# [Task prompt]
In the material below, find the line with "LED Super Bright" and the line with "Ốp lưng Liquid", then output both and every line between them exactly, omitting pictures.

** Opening Records for this exercise block **

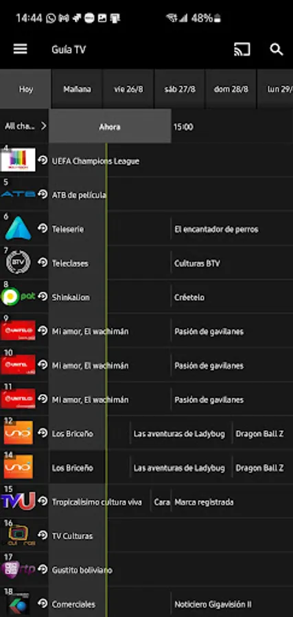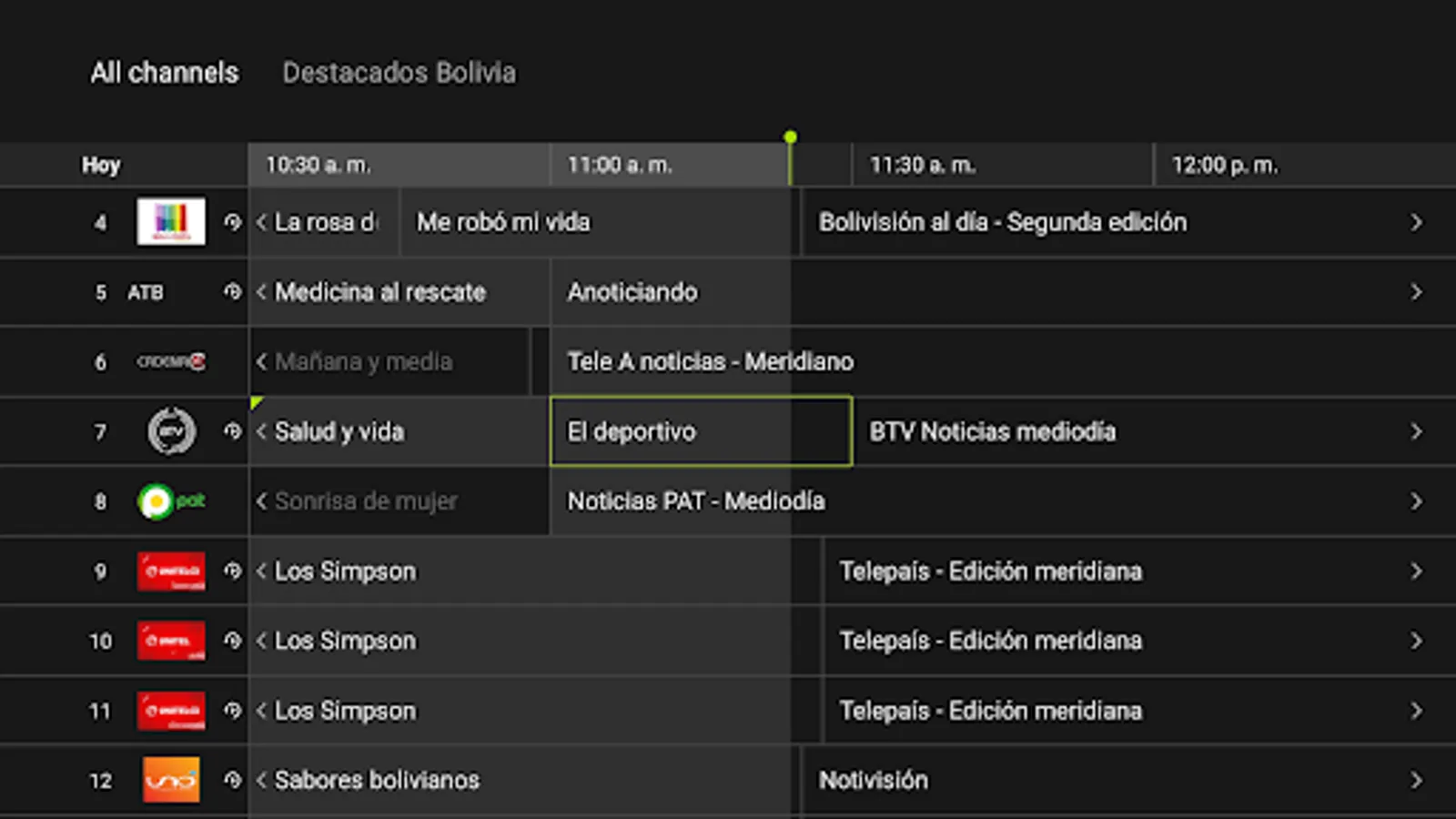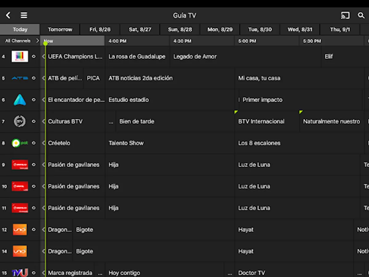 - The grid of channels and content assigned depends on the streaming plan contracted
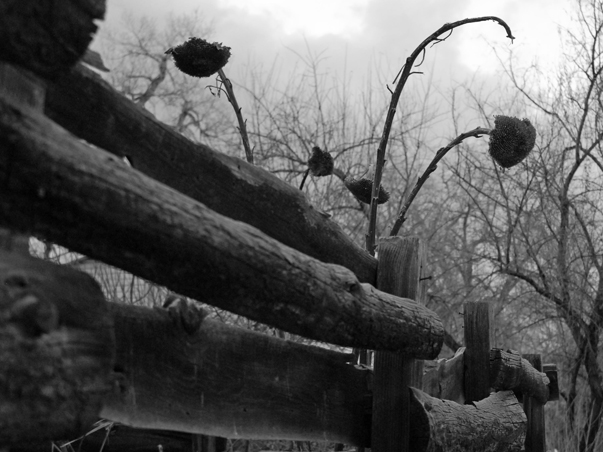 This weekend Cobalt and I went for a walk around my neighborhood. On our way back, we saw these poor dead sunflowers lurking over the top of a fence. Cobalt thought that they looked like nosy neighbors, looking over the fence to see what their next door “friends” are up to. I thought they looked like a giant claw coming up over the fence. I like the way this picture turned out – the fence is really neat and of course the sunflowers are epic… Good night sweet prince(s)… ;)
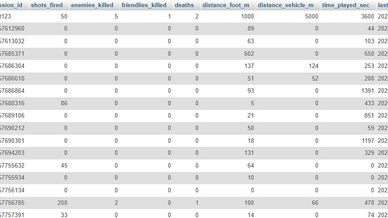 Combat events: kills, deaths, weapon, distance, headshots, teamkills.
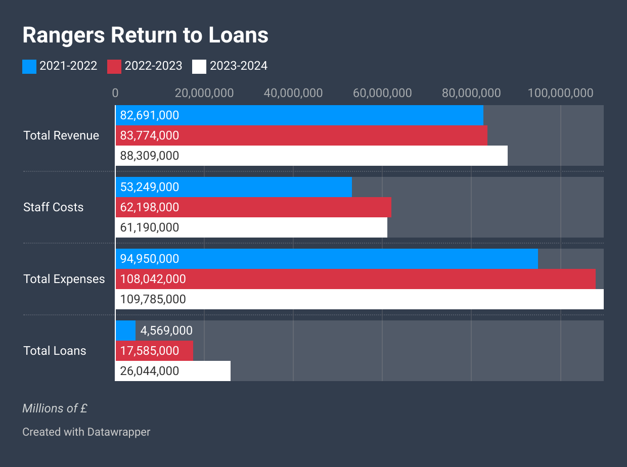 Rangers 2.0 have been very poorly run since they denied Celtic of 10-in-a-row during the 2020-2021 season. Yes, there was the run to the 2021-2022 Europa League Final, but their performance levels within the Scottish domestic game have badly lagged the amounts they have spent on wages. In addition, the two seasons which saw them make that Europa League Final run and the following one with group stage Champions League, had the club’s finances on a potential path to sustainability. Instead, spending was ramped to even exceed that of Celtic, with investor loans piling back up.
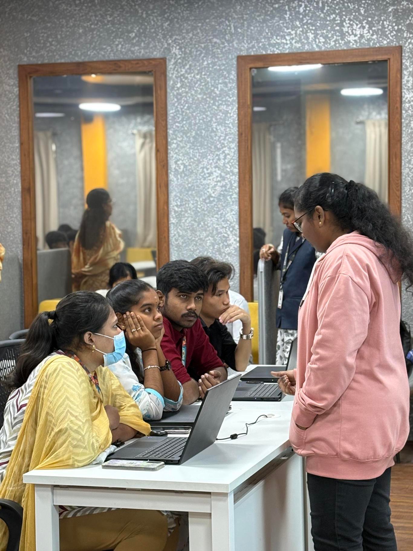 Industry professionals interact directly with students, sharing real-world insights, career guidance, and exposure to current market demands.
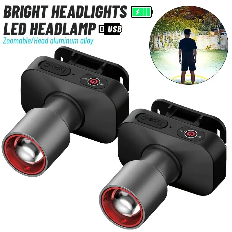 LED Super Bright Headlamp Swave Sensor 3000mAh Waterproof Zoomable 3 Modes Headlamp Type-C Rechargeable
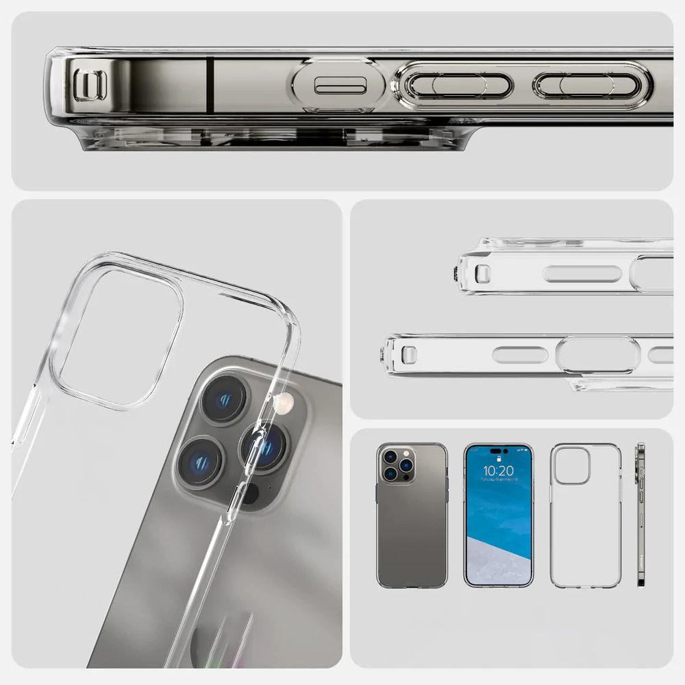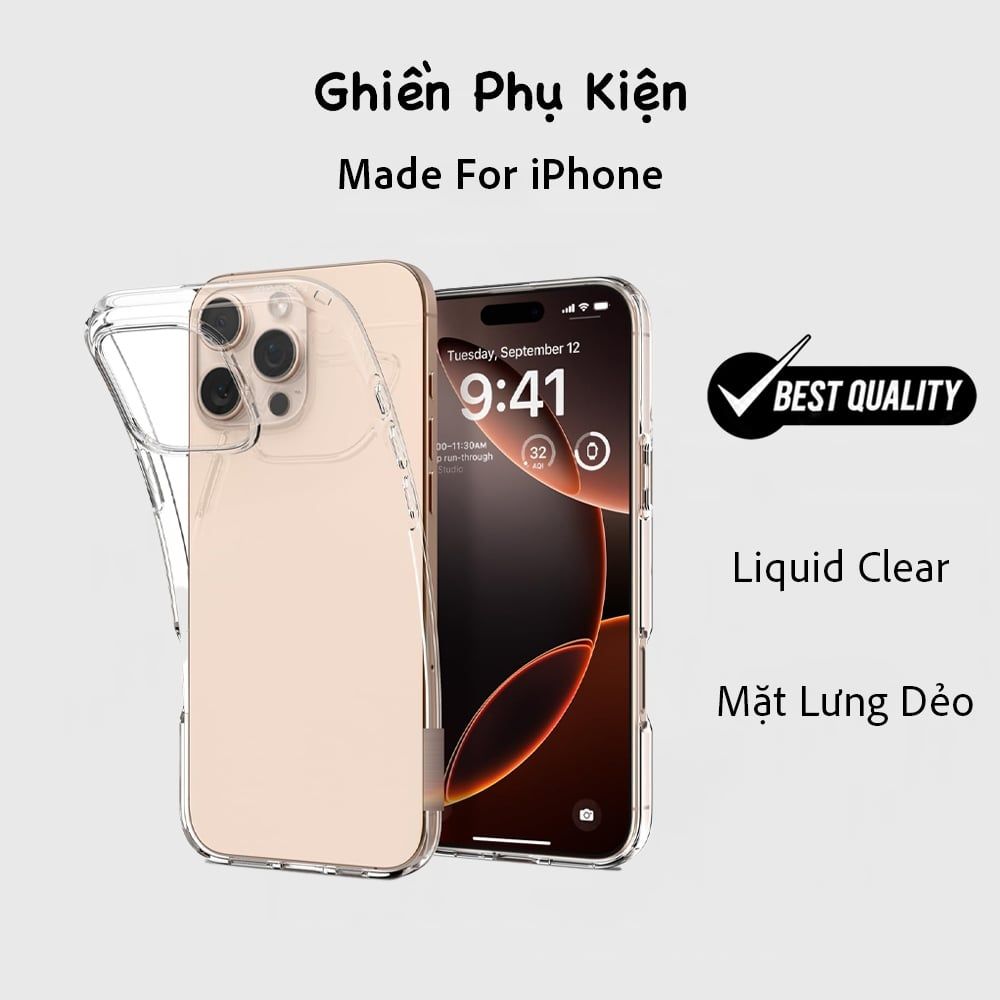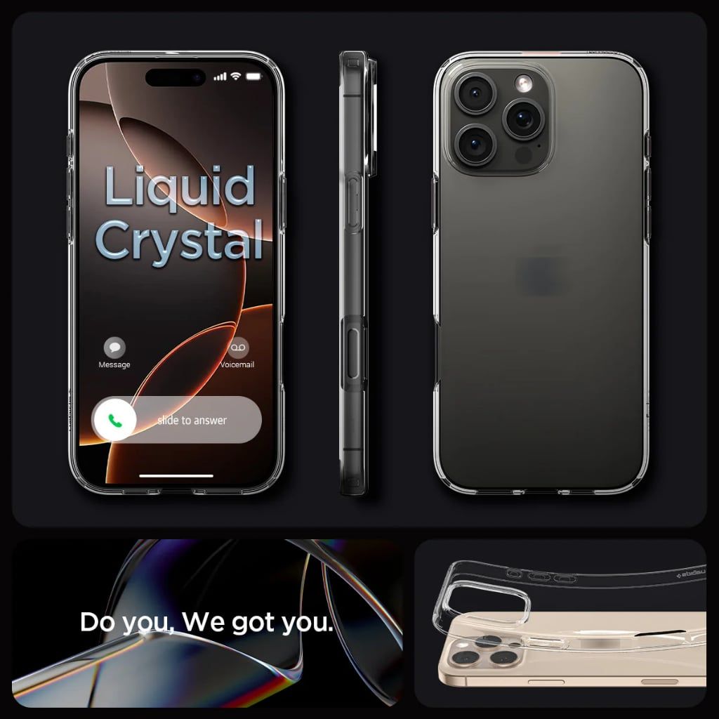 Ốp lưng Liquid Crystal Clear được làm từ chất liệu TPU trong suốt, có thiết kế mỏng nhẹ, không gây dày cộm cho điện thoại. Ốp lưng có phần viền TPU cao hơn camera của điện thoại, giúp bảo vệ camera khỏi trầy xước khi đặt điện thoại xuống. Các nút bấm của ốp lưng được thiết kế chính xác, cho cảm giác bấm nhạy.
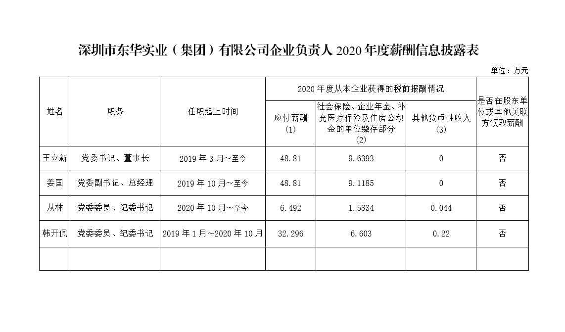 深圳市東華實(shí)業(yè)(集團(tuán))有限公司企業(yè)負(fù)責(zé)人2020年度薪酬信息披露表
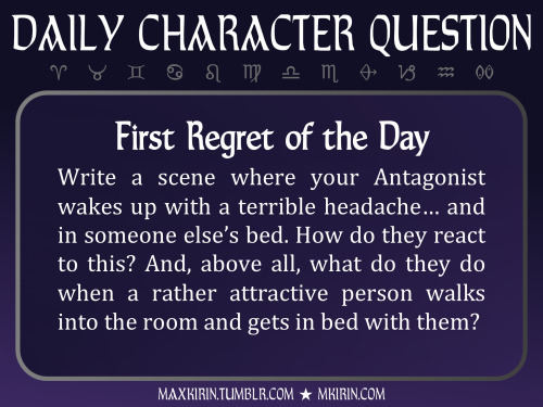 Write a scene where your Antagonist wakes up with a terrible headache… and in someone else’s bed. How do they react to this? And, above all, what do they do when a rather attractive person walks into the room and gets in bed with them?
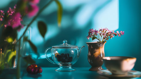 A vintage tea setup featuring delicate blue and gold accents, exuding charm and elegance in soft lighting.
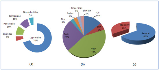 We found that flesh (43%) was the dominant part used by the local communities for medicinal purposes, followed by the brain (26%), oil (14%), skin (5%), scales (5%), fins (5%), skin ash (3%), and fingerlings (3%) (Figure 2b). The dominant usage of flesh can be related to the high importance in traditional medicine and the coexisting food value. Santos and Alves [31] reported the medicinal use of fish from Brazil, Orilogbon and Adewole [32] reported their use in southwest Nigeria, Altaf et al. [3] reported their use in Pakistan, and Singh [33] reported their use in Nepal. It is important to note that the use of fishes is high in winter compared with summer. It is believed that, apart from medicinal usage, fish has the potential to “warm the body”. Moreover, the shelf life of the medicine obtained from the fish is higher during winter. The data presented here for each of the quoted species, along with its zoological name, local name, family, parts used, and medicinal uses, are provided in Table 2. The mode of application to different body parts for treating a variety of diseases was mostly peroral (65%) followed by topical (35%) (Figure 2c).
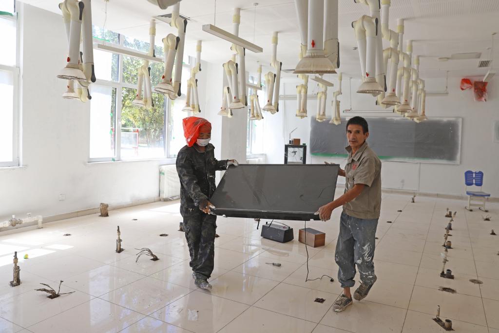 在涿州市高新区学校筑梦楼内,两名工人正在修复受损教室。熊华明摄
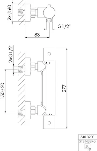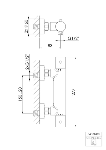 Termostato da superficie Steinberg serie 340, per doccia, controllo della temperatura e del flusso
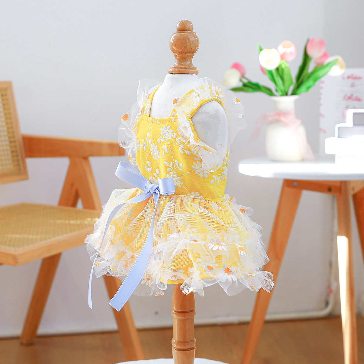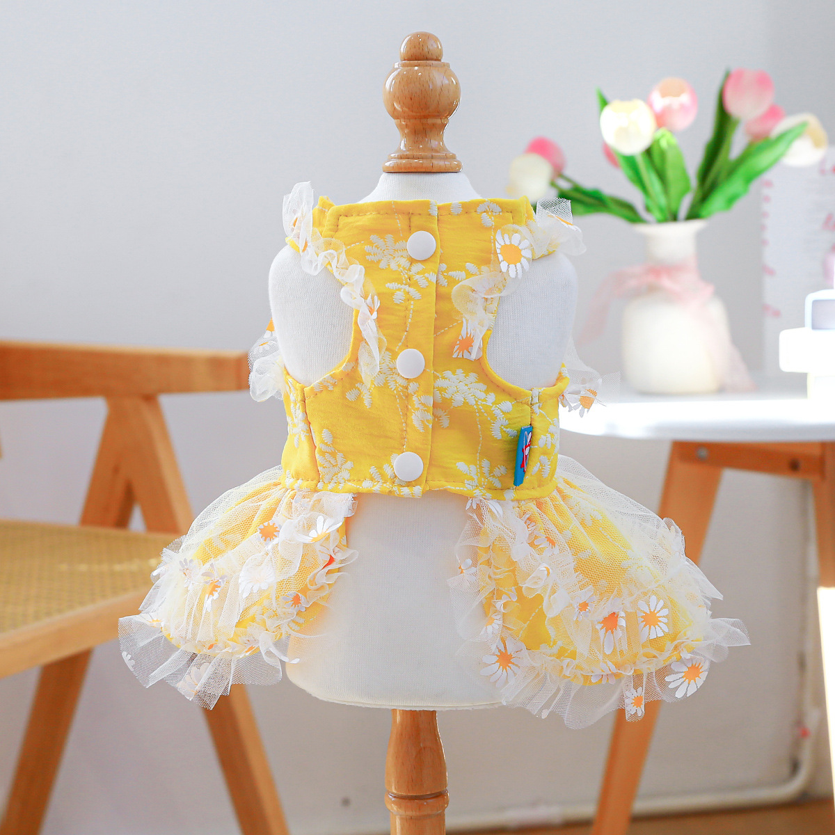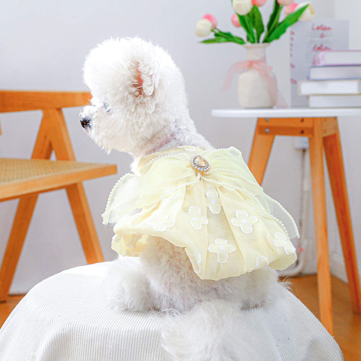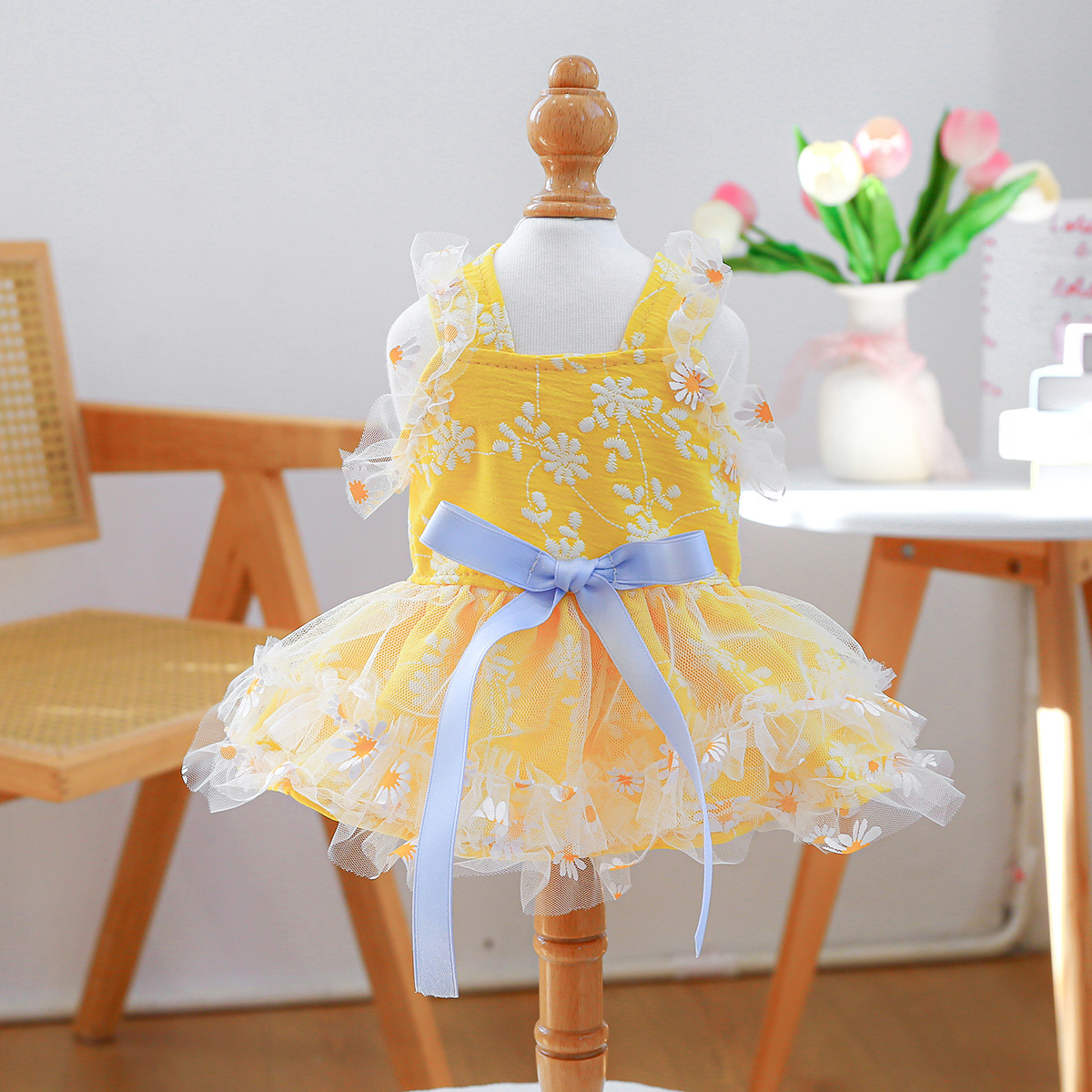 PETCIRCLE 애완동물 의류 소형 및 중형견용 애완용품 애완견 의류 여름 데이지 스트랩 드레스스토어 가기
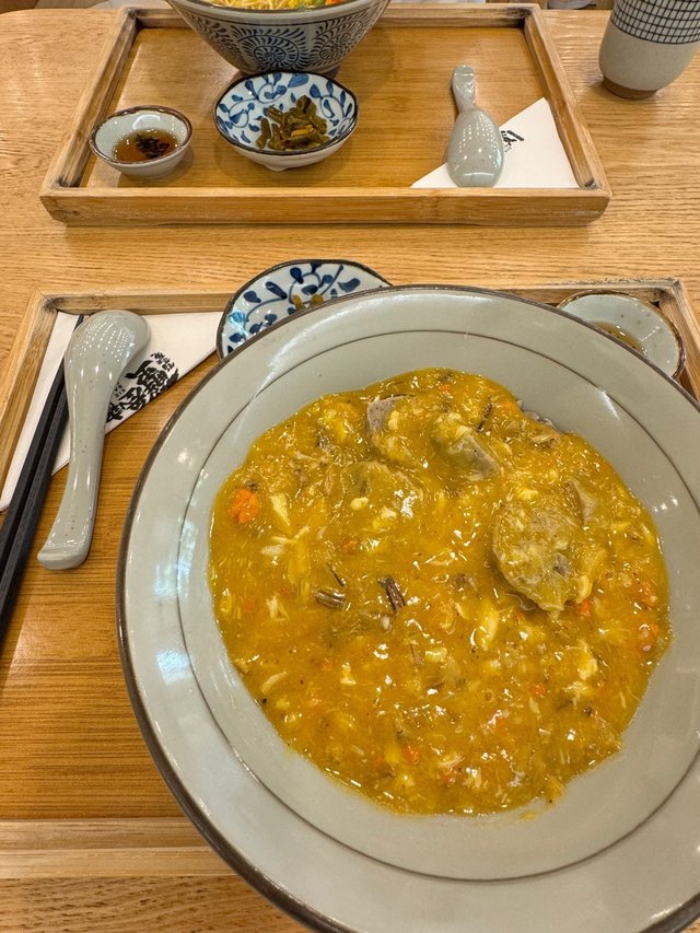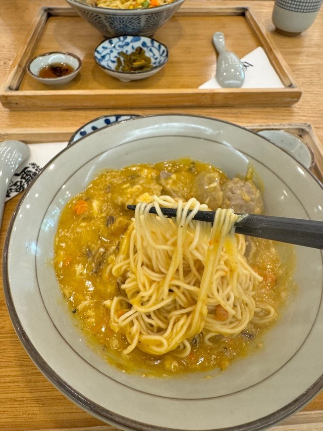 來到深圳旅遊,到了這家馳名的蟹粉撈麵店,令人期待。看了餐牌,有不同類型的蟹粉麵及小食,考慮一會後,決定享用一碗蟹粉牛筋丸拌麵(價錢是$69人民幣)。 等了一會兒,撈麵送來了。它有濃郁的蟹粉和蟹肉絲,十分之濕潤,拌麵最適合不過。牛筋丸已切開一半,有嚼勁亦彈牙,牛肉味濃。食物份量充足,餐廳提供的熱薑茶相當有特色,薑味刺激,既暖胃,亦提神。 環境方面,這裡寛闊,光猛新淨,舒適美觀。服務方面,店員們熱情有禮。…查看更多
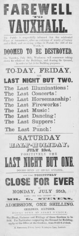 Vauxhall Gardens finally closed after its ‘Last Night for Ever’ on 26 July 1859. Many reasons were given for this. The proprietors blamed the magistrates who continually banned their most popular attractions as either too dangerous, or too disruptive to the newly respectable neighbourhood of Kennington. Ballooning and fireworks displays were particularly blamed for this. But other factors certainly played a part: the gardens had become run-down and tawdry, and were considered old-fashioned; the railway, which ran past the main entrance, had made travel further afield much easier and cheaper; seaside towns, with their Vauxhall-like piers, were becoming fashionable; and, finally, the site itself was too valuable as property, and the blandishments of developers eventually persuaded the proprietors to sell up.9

** Closing Records for this exercise block **

# [Written reply]
 LED Super Bright Headlamp Swave Sensor 3000mAh Waterproof Zoomable 3 Modes Headlamp Type-C Rechargeable
 Ốp lưng Liquid Crystal Clear được làm từ chất liệu TPU trong suốt, có thiết kế mỏng nhẹ, không gây dày cộm cho điện thoại. Ốp lưng có phần viền TPU cao hơn camera của điện thoại, giúp bảo vệ camera khỏi trầy xước khi đặt điện thoại xuống. Các nút bấm của ốp lưng được thiết kế chính xác, cho cảm giác bấm nhạy.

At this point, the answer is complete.